The motherboard isn’t exactly the sexiest part of a PC. Typically, it’s the processors and the graphic cards with their GHz ratings and pixel-pumping power that get our attention.
Yet, if you’re building a PC, you mustn’t bypass the motherboard. It’s the foundation on which your entire system will rest; the part that decides what your PC will be capable of. And if you’re building a gaming PC, surely you want it to be capable of a whole lot. You want it to be able to run the newest Assassin’s Creed, COD, The Witcher 3 or Metal Gear Solid V on ultra settings.
To help you out, dear PC builder, we’ve streamlined your motherboard buying process with these questions below:
1) What processor are you looking to buy?
Our first question is the most crucial. Each motherboard works with only one line of processors, classified into “sockets.” AMD has their AM3 and FM1 processors while Intel has their LGA2011, and LGA1155 sockets. Your AM3 processor won’t work with a motherboard with an LGA2011 socket.
If you want to future-proof your system and want to be able to run the games smoothly coming out three years from now, you might want to invest in a motherboard with an LGA 1151 socket. The Intel socket is configured for the newest “Skylake” processors first released in August 2015.
2) Would you like to save on space or is versatility your priority?
Motherboards commonly come in two sizes: ATX and microATX. The former is your standard 12 x 9.6-incher while the latter is smaller at 9.6 x 9.6 inches. If you don’t want your PC to occupy such a large space on your desk, opt for the microATX.
But if you’re into gaming, you’re really better off just choosing the ATX one. It has more expansion slots for extra devices, more RAM bays, and more data connectors. ATX motherboards are fitted into large casings too, making them easier to cool than the cases for microATX boards, which could get cramped.
On a performance-per-peso basis, the RAM is the cheapest upgrade you can give your PC. For a thousand pesos or two, you can give your PC a quick, noticeable performance boost. That’s why you’d want a motherboard that allows you to put in as much RAM as you want in it—ranging from 8GB max to a whopping 128GB. There are different kinds of RAM, with the latest being DDR4.
4) Do we really need that built-in graphics card?
For casual users, the built-in graphics card should suffice.
For gaming though? You’ll find yourself buying a dedicated graphics card. That built-in one is hardly going to matter. There are cases where the two can work together, but even then, the gains are minimal.
Instead, focus on looking for one that has multiple PCI-Express slots (the slot in which your graphics card goes in) working at fast speeds.
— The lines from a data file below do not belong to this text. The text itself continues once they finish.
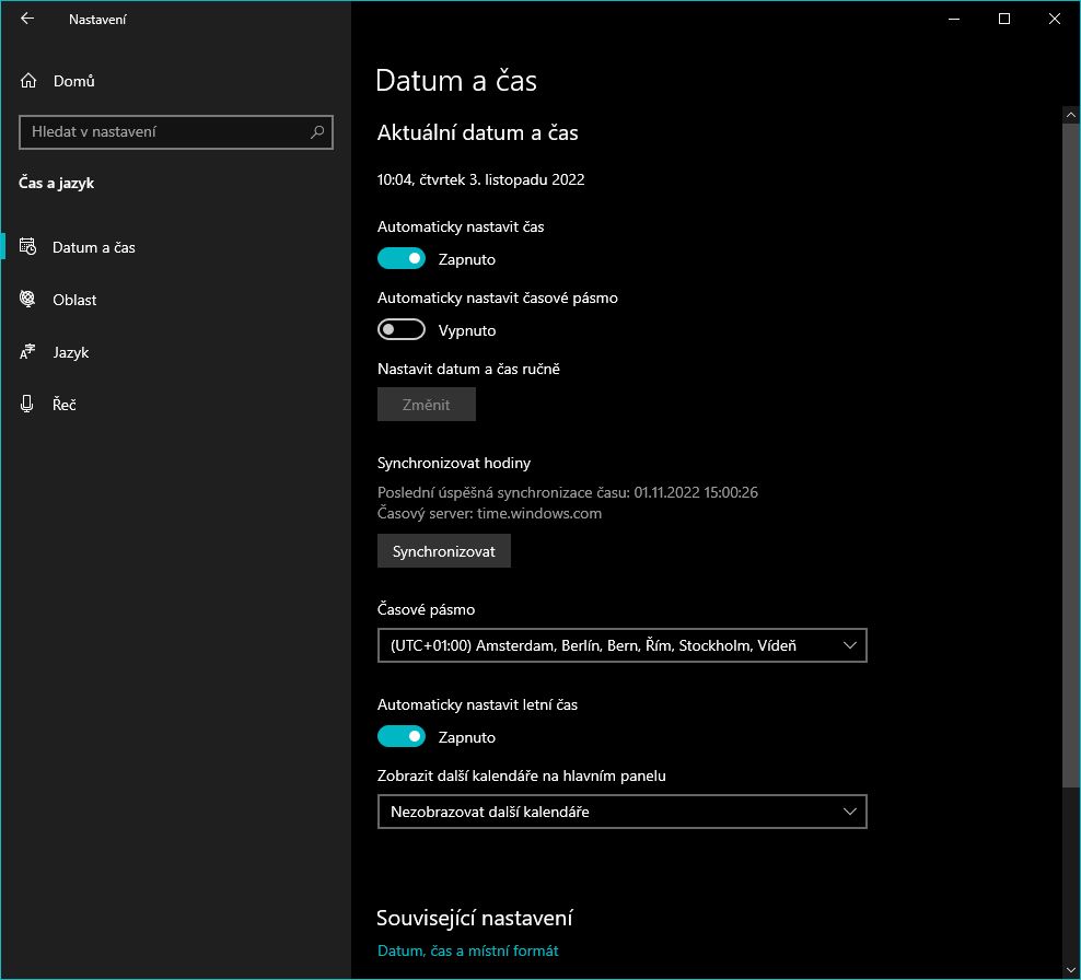 Je potřeba mít nastavenou českou republiku (nebo něco podobného) a několik přepínačů, které jsou ale ve výchozím nastavení zapnuté. Nevím jak v desítkách, ale aby se automaticky synchronizoval čas, nesmí se čas lišit příliš moc (pokud PC zapomene honiny a octne se několik let zpátky, tak synchronizace nefunguje, narozdíl od linuxu, který si čas podle internetu nastaví bez ohledu na rozdíl v čase).
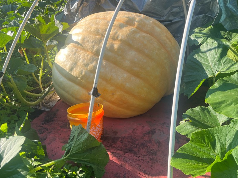 The 839 has gotten the most attention and the results are showing. Although I didn't do a very good job of the angle of the pumpkin as it's hard now to get in there to measure and keep an eye on. I may need to pull it back a bit to avoid some vine stress. It's nice looking pumpkin albeit the blossom starting to grow over itself.
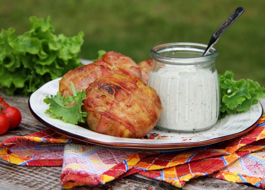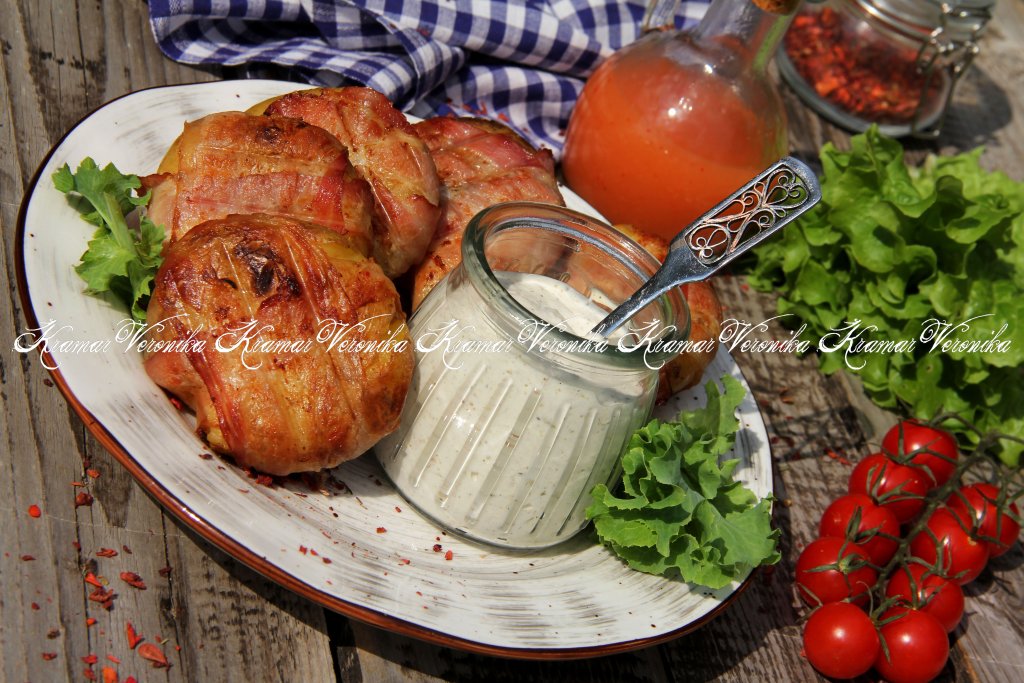 Готовую картошку в беконе снять с мангала, переложить с решётки на тарелку и подать к столу в горячем виде вместе с любимым соусом.
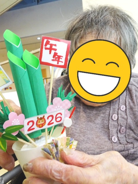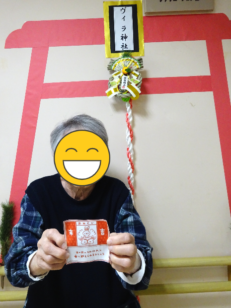 新着情報 NEWS 2026年 ヴィラお正月| 介護老人保健施設 辰巳ナーシング・ヴィラ 2026.01.01 新年明けましておめでとうございます ! 初日の出を拝み、2026年のスタートです (^^)/ すると... 今年も「ヴィラ神社」がお出ましになりました ! 鈴緒(すずお)を振り、思い思いに願いを込めます ... ☆ 鈴はついていませんが、神社の鈴の音は参拝者の邪気を祓い 神様を呼び寄せて心を和ませる意味があるそうですよ (*'▽') 手を合わせ真剣に願います ... 神社 ! 初詣 ! といえば、おみくじですね ! どきどきです ... ♡ 結果はどうでしょう ... ? (; ・`д・´) こちらは「末吉」でした ! 末吉は「将来、運気が上がっていく ( 吉に向かう ) 」という 末広がりの成長や希望を示す運勢です ☆ これから楽しいことが巡ってくることでしょう (*´艸`*) お次は「絵馬」に願い事や抱負を書いていきます ( ..)φ_ 皆さんしっかりと筆ペンを握り、力強く書いていますね ! 皆さんの願いを叶えるべく、スタッフ一同全力でサポートさせていただきます (*^^)v 又、お正月飾りのミニ門松も作りました ♪ 生け花のように土台に挿し、接着もしていきます ! 全体のバランスも見ながら、皆さん集中して作っていました ☆ 素敵なミニ門松の完成です ! これで年神様も迷うことなく来ていただけそうですね (^^) お食事は豪華な「おせち料理」です ☆ 海老、数の子、黒豆、なますのいくら乗せ、昆布巻き ... 豪華ラインナップです (*'▽') ♡ ⇩ こちらは朝食メニュー ⇩ こちらは昼食メニュー 大晦日には延命・長寿を願い、年越しそばと天ぷらも提供されました (^^) 1つ1つの味を楽しみながら、皆さんあっという間に食べてしまいました ♪ 「美味しいわね」と笑顔もお腹もいっぱいです♡ 2026年も笑顔いっぱいの1年となりますよう、スタッフ一同励んでまいります ! 今年もどうぞよろしくお願い致します。 一覧に戻る

With multiple slots, you can plug in multiple graphics card that can work in tandem via Nvidia’s SLI and AMD’s Crossfire set-up…and ensure that Snake gets to look as badass as he can:
5) Does it have support for SSD drives?
SSD drives are so much faster than traditional hard drives. Simply put, if you’re into gaming, don’t buy a motherboard if it doesn’t have support for SSD drives. The storage drive has traditionally been the bottleneck for PC performance. SSD drives, while imperfect, addresses that issue capably.
6) Finally, does it have gamer-oriented features?
All the things we mentioned above—the RAM it can handle, the socket, the storage drive compatibility—these things can be found across all models of motherboards.
Yet, if you’re truly into gaming, you might be better off springing off for a motherboard that’s built for the gamer. Certain brands such as ASUS, GIGABYTE, and ASROCK have a line dedicated to gamers.
In other words, if you’re going to pay games on your PC, you might as well start with a motherboard that’s designed for it.